A bit off-track maybe, but in part relevant -- what I am actually
experiencing is:

- Login as a LDAP user.
- Logout as that LDAP user.
- Login as a non-LDAP Admin user.
- Set a (local) password on the Aforementioned LDAP user.
- Login again as the LDAP user.

The "users" and "groups" tabs will now be populated with all users that
match the LDAP search query (provisioned). I can reproduce this (see my
earlier post where I actually asked about why my users weren't being
provisioned on a fresh installation).

FWIW, I think LDAP provisioning should work - otherwise it's impossible to
assign connections to groups/users coming from LDAP (easily).




On Tue, Aug 24, 2021 at 6:13 PM Nick Couchman <vn...@apache.org> wrote:

> On Tue, Aug 24, 2021 at 12:05 PM Justin Engwer <ju...@mautobu.com> wrote:
>
>> I reckon that LDAP broke some time ago, and some of my users aren't
>> showing up.  I've already popped my credentials and filter terms into an
>> LDAP browser, which successfully connects and pulls user data.
>>
>
> When you say "my users aren't showing up", what do you mean? Are users
> unable to log in? Or you simply cannot see them in the admin interface? How
> many users do you have in your environment? Are you logging in with an LDAP
> account when you try to see them? Can you post your guacamole.properties,
> minus any sensitive information?
>
>
>>
>>    - How should I go about troubleshooting?
>>
>> Log files, for one - the Tomcat output (either catalina.out, or
> journalctl, depending on how you installed it and how Tomcat is
> configured), or Docker output if you're using Docker, should help. You may
> need to turn up logging on Guacamole via the logback.xml file:
>
>
> http://guacamole.apache.org/doc/gug/configuring-guacamole.html#webapp-logging
>
>
>
>>
>>    -
>>    - Does my LDAP user need to be in any specific domain groups?
>>
>> This depends upon your LDAP configuration, and what that user is allowed
> to do. However, if you have copied the credentials into a LDAP browser and
> can see all of the objects you expect to see, this is probably not the case.
>
>
>>
>>    - How frequently does Guacamole poll for new/updated users?
>>
>> Guacamole does not "synchronize" LDAP user data. The LDAP tree is queried
> each time a user logs in for the information required for that user login.
> Essentially the flow looks something like this:
> * User logs in, providing username and password.
> * Guacamole uses the Search Bind DN and Password as configured in
> guacamole.properties to locate the user object in LDAP.
> * Guacamole disconnects from LDAP, then re-binds with the user object is
> has located and the provided password.
> * Guacamole uses this connection to search for users, groups, and
> connection objects, depending on which items you've configured in
> guacamole.properties
>
> This is slightly different from how many web applications implement LDAP
> authentication, where user data is synchronized into a database somewhere,
> and then the LDAP connection is only made for authentication.
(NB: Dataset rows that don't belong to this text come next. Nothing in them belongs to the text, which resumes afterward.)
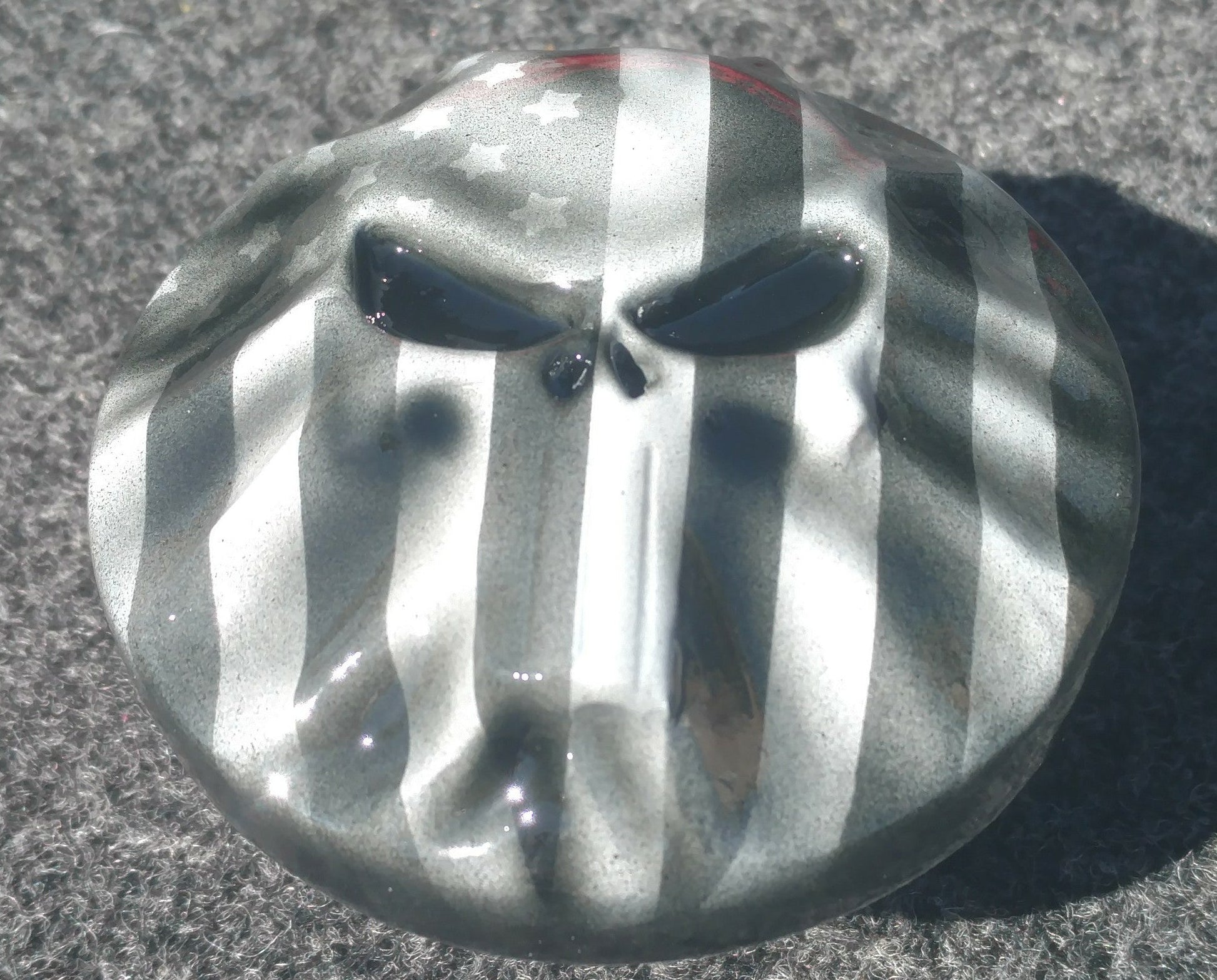 3D skull and flag on Harley touring fuel cap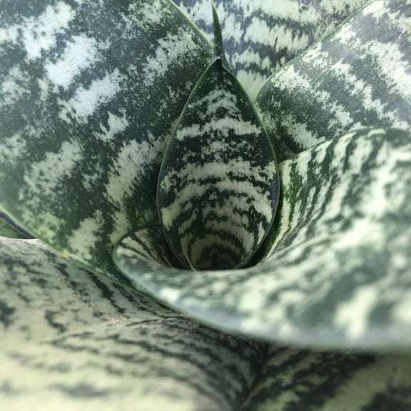 SANSEVIERIA tri. 'Black Coral'. 24-36" tall, 12-18" spread, bright: indirect light. Tall, upright sword-like leaves are dark green with wavy, silver horizontal banding that gives each blade a subtle contrast. Highly drought tolerant and very easy to grow. Zones 9b-12. Potted in 3" pot. Typically grown indoors.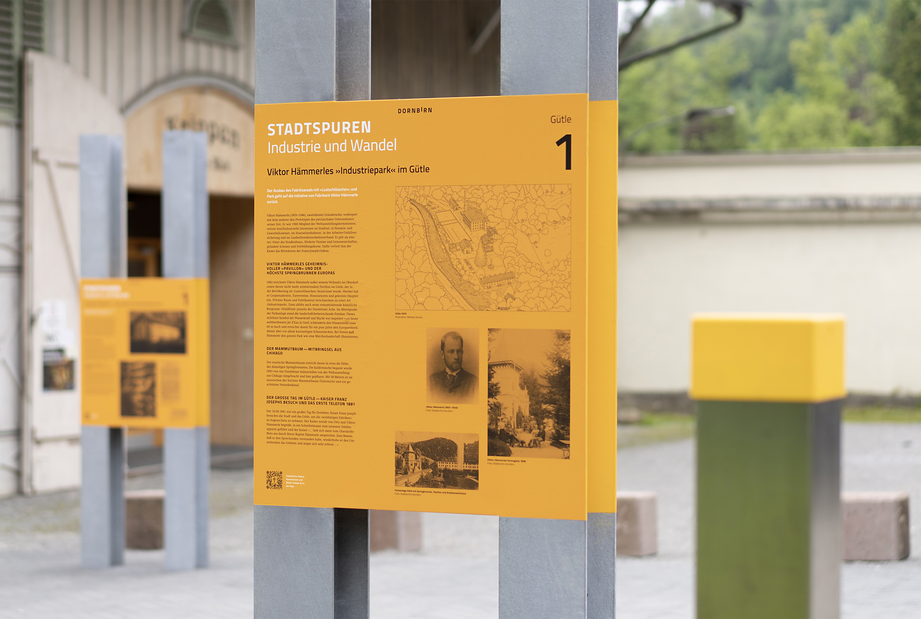 Hintergrund: Unter dem Titel „Stadtspuren. Industrie und Wandel“ sollten in Dornbirn 15 Stationen mit Geschichten über Aufstieg und Niedergang, Kontinuität und Brüche erzählt werden. Ein urbaner Trail entlang historischer Stätten und Objekte.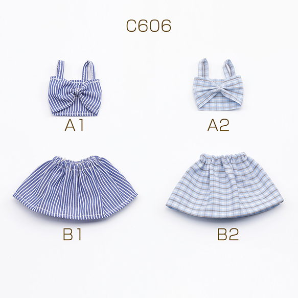 ドール用洋服 ストライプ柄 チェック柄 モールド―ル ぬいぐるみ 人形用 着せ替え ミニチュア 上下バラ売り 全4種(1ヶ)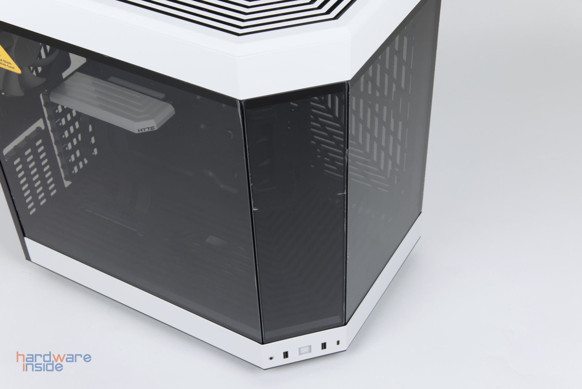 Unter dem an der Front befindlichen schmalen Glasstreifen befinden sich die Anschlüsse, worunter auch ein USB 3.2 Gen 2 Type-C zu finden ist. Durch den beigelegten Adapter können Mikrofon und Kopfhörer am vorderen 3,5 mm Klinkenport genutzt werden. Die Bodennähe der Ports ist dann kein Problem, wenn das Hyte Y60 auf dem Tisch platziert werden soll. Ist dem nicht so, kann sich diese Positionierung als ungünstig herausstellen. Bezieht man die Produktbilder des Y60 mit ein wird aber klar, welche Zielgruppe (Tisch vs. Boden) im Mittelpunkt der Planung stand.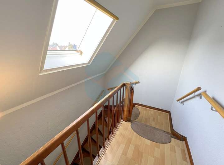 Das Dachgeschoss beherbergt zwei Schlafzimmer und bietet ausreichend Platz für Schlaf-, Kinder- oder Arbeitszimmer. Im Hof steht zudem ein Stellplatz für ein Fahrzeug zur Verfügung.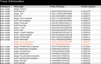 对 Begin 的调用标记该页的“异步点”。图 3 中的跟踪准确显示异步点发生在何处。如果调用,则必须在异步点之前调用 AddOnPreRenderCompleteAsync — 即,不晚于该页的 PreRender 事件。

Guacamole
> relies on the LDAP connection and the security of LDAP itself for its
> functionality.
>
> Hope this helps - feel free to respond with further questions or
> information.
>
> -Nick
>
>>

Re: LDAP issue

[Justin Engwer <ju...@mautobu.com>]

Thanks for the reply Nick.

By some users aren't showing up, I mean they are not being imported to the
Users tab in guacamole. For example, I went to assign a connection to a new
user this morning, but her user account didn't appear in Guacamole. She is
in an OU nested under the "ldap-user-base-dn" in AD, and is assigned to one
of the groups that is supposed to be imported (Finance). I am logging in
with an LDAP account. We have about 60 staff.

cat guacamole.properties
enable-websocket: true

mysql-hostname: localhost
mysql-port: 3306
mysql-database: guacamole_db
mysql-username: guacamole_user
mysql-password: password


ldap-hostname: fqdn.site
ldap-port: 389
ldap-user-base-dn: OU=Staff,DC=site
ldap-search-bind-dn: CN=guacamoleldap,OU=Service Accounts,DC=site
ldap-search-bind-password: password
ldap-username-attribute: sAMAccountName
ldap-user-search-filter:
(|(memberof=CN=Administration,OU=Groups,OU=Administration,OU=Staff,DC=site)(memberof=CN=Building,OU=Groups,OU=Building,OU=Staff,DC=site)(memberof=CN=Engineering,OU=Groups,OU=Engineering,OU=Staff,DC=site)(memberof=CN=Finance,OU=Groups,OU=Finance,OU=Staff,DC=site)(memberof=CN=Fire
Department,OU=Groups,OU=Fire,OU=Staff,DC=site)(memberof=CN=Public
Works,OU=Groups,OU=Public Works,OU=Staff,DC=site)(memberof=CN=IT
Department,OU=Groups,OU=IT,OU=Staff,DC=site)(memberof=CN=GIS
Department,OU=Groups,OU=GIS,OU=Staff,DC=site))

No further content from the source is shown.